Mr. Willoughby - July 2, 1994 to Present Part 1

After my graduation from SFU in April of 1994, I began the brutal search for employment in my field. Articling positions were extremely hard to get in 1994 due to a glut of graduates at that time and the fact that the big firms were laying off large numbers of staff. It was the exact opposite environment to the one that the Enron scandal created in the early 2000’s and the one that exits today, where university graduates make good starting salaries right out of university. Back in 1994 you were lucky to make just enough to pay food, rent, transportation and have just a bit left over.  One of my first stories, “The Fart”, gives a humorous account of how I managed to blow my first job interview of that summer. I sent out over 100 resumes in May and June of 1994, and I can remember that at a cost of 63 cents each to mail, it cost me the last of my spare cash just to send out my applications. This is why being poor really sucks: you notice the cost of ABSOLUTELY EVERYTHING, and even the smallest unforeseen expense can cause the whole house of cards to come crashing down. Most of these were met with no response at all, and maybe about 10 or so sent rejection letters, which felt like torture: I’d see the envelope in the mail, get my hopes up, only to open it and be disappointed – again.

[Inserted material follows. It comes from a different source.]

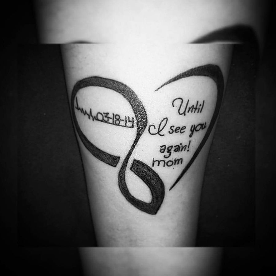 My first tattoo my mom heart R.I.P - Until I see you again! Mom 3-18-14

When I was sending out these resumes, at Lea’s boutique on Commercial Drive in Vancouver, I was working at her front counter and going down the list of accredited firms to ensure that I hadn’t missed anyone on the list. My finger stopped at a name that elicited derisive laughter from me: “Cinnamon, Jang, Willoughby”. I said to Lea “What kind of a name is Cinnamon, Jang, Willoughby? Like I’m going to tell people, I articled at Cinnamon Jang Willoughby! They’re probably going to ask me if I worked for Mr. Bunn or something.” Lea was not impressed by my making fun of the name. “Chris, you haven’t gotten a job yet have you? For all you know they might be the only firm who will offer you one. What then? Will you turn them down because of their name?”

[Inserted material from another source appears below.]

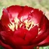 „Inselbrokat“. Große, rote, halbgefüllte Blüte mit weißen und roten Streifen. Mutation von Tayio. In manchen Jahren ist sie gezeichnet, in anderen Jahren einfach rot. Originelle Wirkung, da an einer Pflanze oft unterschiedliche Blüten blühen. Blütezeit: Mitte Mai,

About two weeks after I sent out my last round of resumes, and we were almost completely out of money, the Vancouver Canucks played the New York Rangers in the Stanley Cup and lost to them in game 7, after which we had the famous riot on Robson St, downtown. It was the biggest riot the city had seen and would not be equalled until the 2012 riot, 18 years later. I remember watching the game at my best friend Nicole’s place and being totally despondent because I had no money to pay for my own food when we all went out after the game. The entire time I was a wet blanket, moping about how badly I needed a job and how tired I was of being rejected. Sometimes I don’t know how my friends put up with me, but they did.

With just about a week to go before our utility bills were due again, a letter arrived in the mail from none other than Cinnamon, Jang Willoughby. With the now familiar sense of dread that I felt every time I saw a letter from an accounting firm, I opened it and unfolded it and began to read:

“Dear Mr. McFetridge,

We thank you for sending us your resume for our consideration. Our personnel partner, Mr. Doug Frew would be pleased to arrange an interview with you. Please give us a call at 604-435-4317.”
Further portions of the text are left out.